Case ID: f-appx_31/html/0229-01.html
Source: Caselaw Access Project
Author: {"author": "PER CURIAM.", "license": "Public Domain", "url": "https://static.case.law/"}
Date Created: 2024-08-24T03:29:51.129683

George Sylvester FLOYD, Sr., Plaintiff-Appellant, v. Thomas E. WHITE, Secretary of the Army; Claude Williams, Adjutant General, Defendants-Appellees.
    No. 01-2435.
    United States Court of Appeals, Fourth Circuit.
    Submitted March 14, 2002.
    Decided March 21, 2002.
    George Sylvester Floyd, Sr., Appellant Pro Se. Mark David Maxwell, Office of the United States Attorney, Alexandria, Virginia, for Appellees.
    Before NIEMEYER and KING, Circuit Judges, and HAMILTON, Senior Circuit Judge.
    Dismissed by unpublished PER CURIAM opinion.
   PER CURIAM.

George Sylvester Floyd, Sr. seeks to appeal the district court’s order granting the Appellees’ motion to dismiss his Title VII action. The Appellees have moved to dismiss Floyd’s appeal as untimely. We grant the Appellees’ motion and dismiss the appeal for lack of jurisdiction because Floyd’s notice of appeal was not timely filed.

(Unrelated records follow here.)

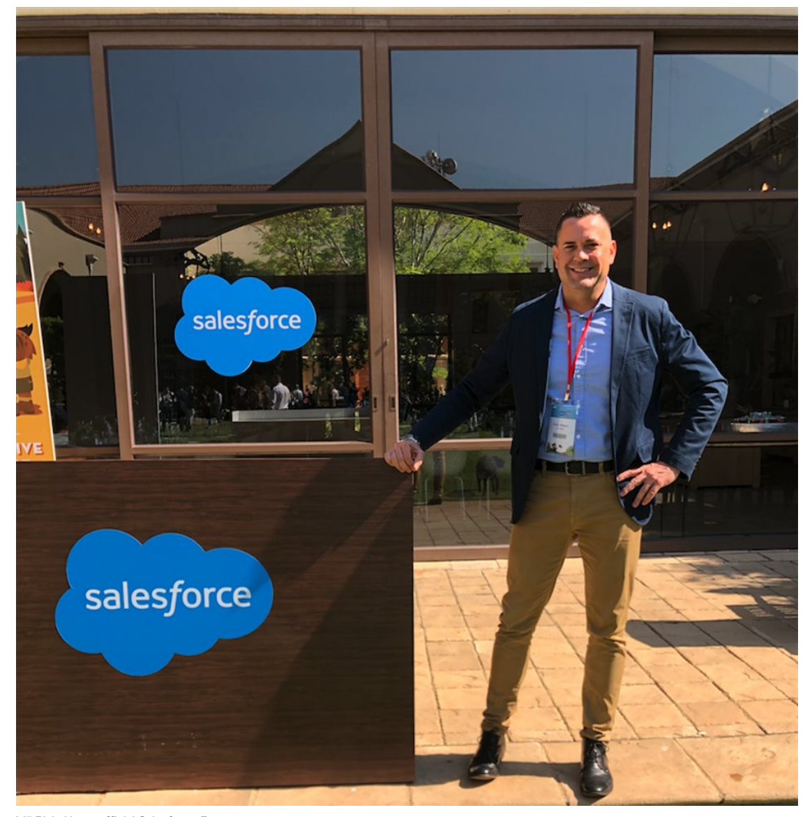
V5 Digital is an official Salesforce Partner

V5 Digital has been a proud <u>Salesforce</u> consulting partner since 2020, dedicated to helping companies in Africa and beyond unlock the full potential of their Salesforce investment. Our team is armed with the knowledge and experience to help businesses set up and optimise their use of Salesforce and in so doing, drive business growth.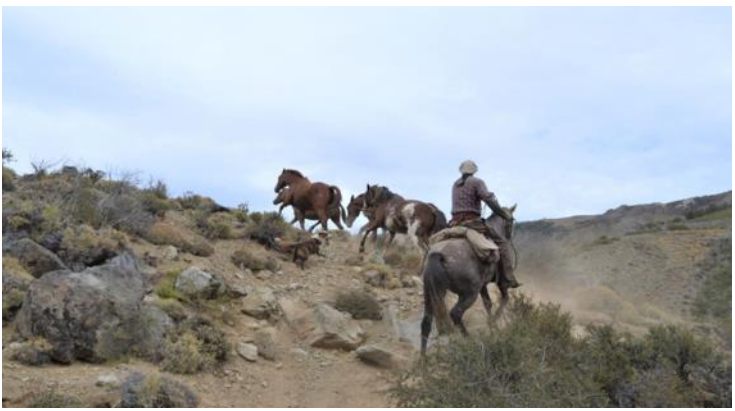
Day 5 - Breakfast in camp before mounting up to head off again, following the Chubut River valley. There are now more signs of human habitation including deserted corrals, derelict farms and an abandoned gold mine. Further on you might visit the remote homestead of the Miranda family, sheep and cattle farmers who still live a pioneering existence. In the late afternoon finally arrive at El Sapucai, a small farmstead belonging to your hosts on the shores of the Chubut River. A delicious dinner, perhaps venison or beef from the farm and the night at El Sapucai. (NB No electricity but a shower with hot water!) (5 - 6 hours riding). (B,L,D)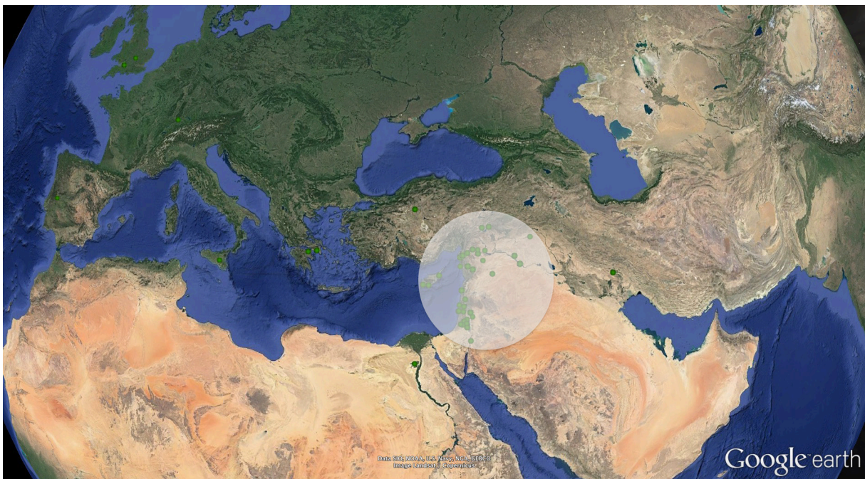
Illustration 3 b: The distribution of Antiochene coins during the Roman imperial period (c. 30-235 CE).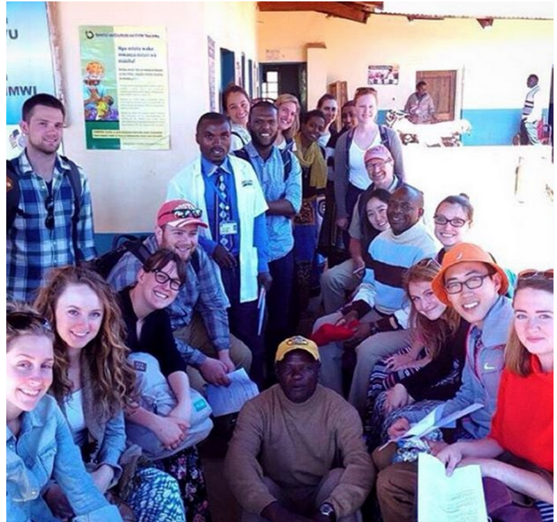
TANZANIA SPH TEAM ON THE GROUND. FOLLOW THEIR ADVENTURE AT INSTAGRAM.COM/BUSPH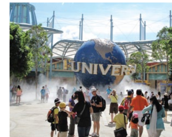
▲ The students all enjoyed their third day in Singapore in the Universal Studios.

Next day, students had a meaningful time, getting to know about one of the greatest colleges globally, the NUS (National University of Singapore) through campus tour with its Korean students' guides. After that, they visited the Jurong Bird Park and the Botanic Garden.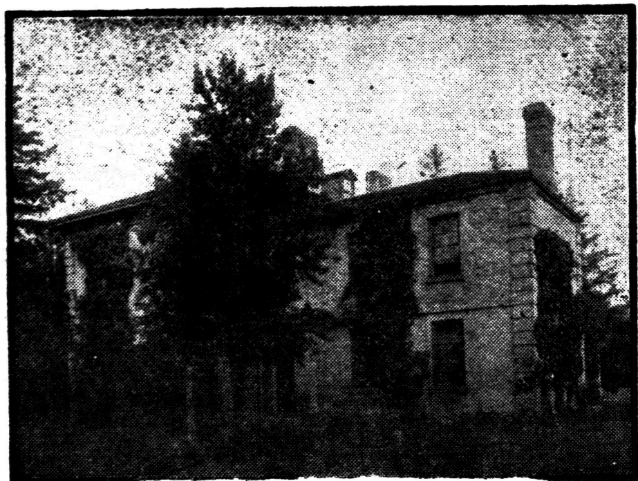
SIDE VIEW OF THE $15,000.00 RESIDENCE

Parties are accorded sixty days after the entry of the district court’s final judgment or order to note an appeal, see Fed. R.App. P. 4(a)(1), unless the district court extends the appeal period under Fed. R.App. P. 4(a)(5) or reopens the appeal period under Fed. R.App. P. 4(a)(6). This appeal period is “mandatory and jurisdictional.” Browder v. Director, Dep’t of Corrections, 434 U.S. 257, 264, 98 S.Ct. 556, 54 L.Ed.2d 521 (1978) (quoting United States v. Robinson, 361 U.S. 220, 229, 80 S.Ct. 282, 4 L.Ed.2d 259 (1960)).

The district court’s order was entered on the docket on September 27, 2001. Floyd’s notice of appeal was filed on November 27, 2001. Because Floyd failed to file a timely notice of appeal or to obtain an extension or reopening of the appeal period, we grant the Appellees’ motion to dismiss the appeal. We dispense with oral argument because the facts and legal contentions are adequately presented in the materials before the court and argument would not aid the decisional process.

DISMISSED.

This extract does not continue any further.